Bioprinting hardware requires unique features that ensure success at the interface of engineering and biology; low-shear deposition mechanisms are essential to maintaining viability and function of living cells; fabrication speed must be rapid enough to prevent destruction of the bioprinted tissue due to nutrient or oxygen deprivation; all components that contact living cells must be non-toxic and either disposable or sterilizable to prevent cross-contamination between runs, and tissues must be generated in a format that enables them to be manipulated and used in application(s) after fabrication. Bioprinting combines the synergistic potential of engineering and biology to create living human tissues that mimic the form of native tissue and, therefore, achieve unique tissue-specific metabolic functions.
Organovo’s NovoGen MMX Bioprinter precisely dispenses “bio-ink”—tiny building blocks composed of living cells—generating tissues layer-by-layer according to user-defined designs. Built for flexibility, the NovoGen Bioprinter enables fabrication of tissues with a wide array of cellular compositions and geometries; side-by-side comparison of multiple tissue prototypes facilitates optimization and selection of specific designs geared toward a particular application. Working within the confines of an object library, bio-ink building blocks of various shapes, sizes, and compositions are assembled into architectures that recapitulate the form of native tissue.
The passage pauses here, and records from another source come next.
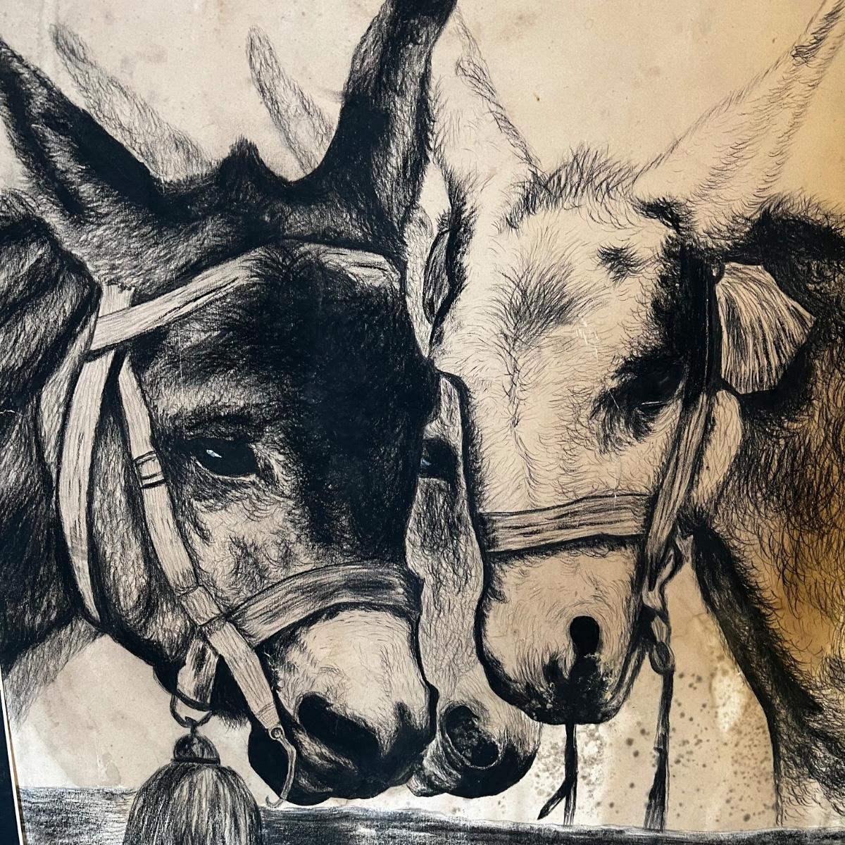 Framed charcoal. Artwork has foxing. Do not see signature of artist.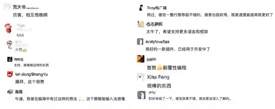 难怪不少使用过的网友说:aiXcoder是他们用过的最好的代码补全工具,好评如潮: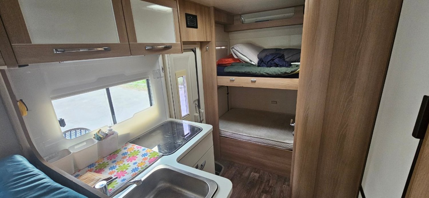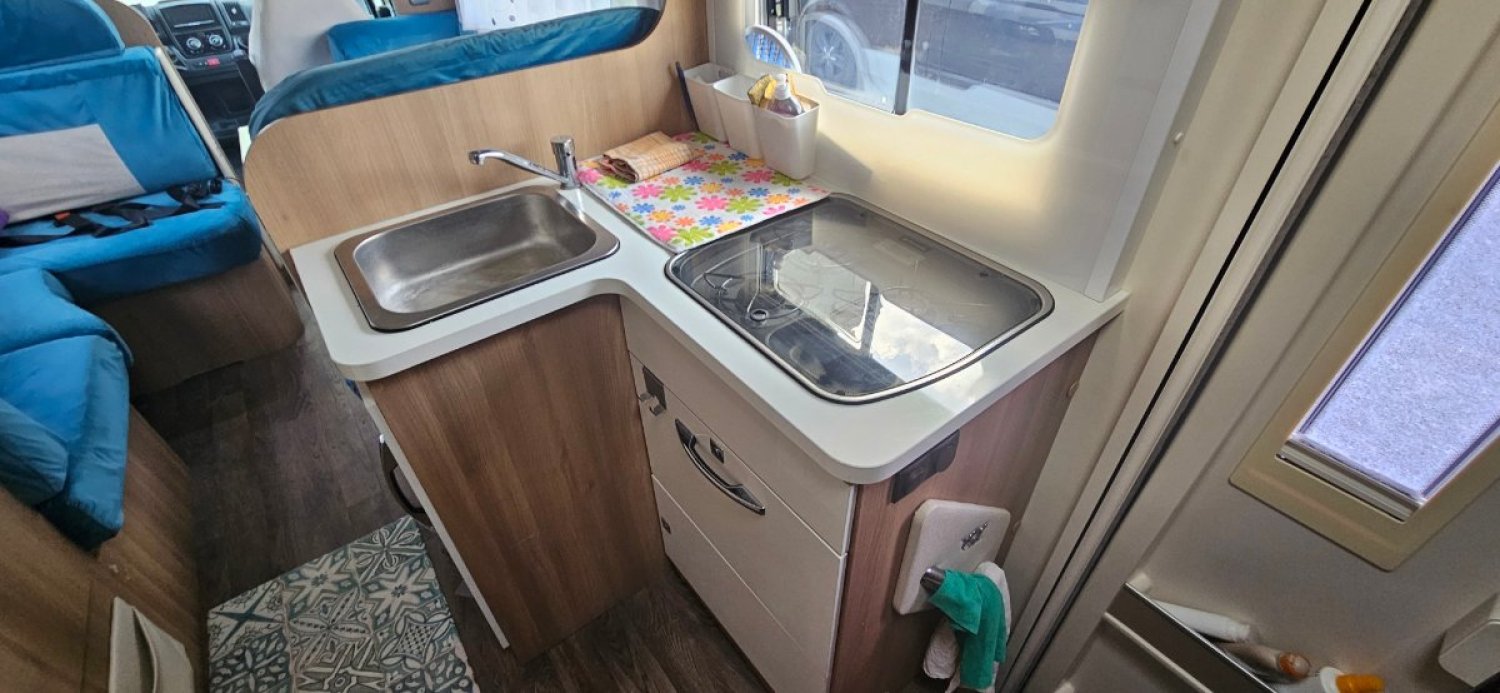 Camping car très agréable / spacieux pour 4 personnes avec son grand salon, sa cuisine d'angle, et sans avoir à défaire / refaire des lits au quotidien ...

Tubes, layered sheets, and patterned structures have been bioprinted, yielding three-dimensional tissues that are free of biomaterial scaffolding and characterized by tissue-like microarchitecture, including the development of intercellular junctions and endothelial networks.
In the short-term, 3D human tissues are being deployed in the laboratory setting as models of human physiology and pathology; cell-based assays are a mainstay of the drug discovery and development process, and multi-cellular / multi-tissue systems may serve as more predictive indicators of clinical outcomes. Longer-term applications of 3D tissue technologies will extend our knowledge of how to build the smallest functional units of a tissue to the fabrication of larger-scale tissues useful for surgical grafts to repair or replace damaged tissues and organs in the body. What are the next steps in the evolution of bioprinting? Scaling up and down—increasing the resolution of specific features while advancing fabrication hardware and techniques to produce larger-scale tissues. Enhancing the complexity of designs—building the tool set that enables conceptual or visual inputs to be translated rapidly to executable bioprinting programs that select from a library of bio-ink building blocks to translate the vision into reality. Driven by a myriad of unmet needs and opportunities, 3D bioprinting promises to be a rapidly evolving field for years to come.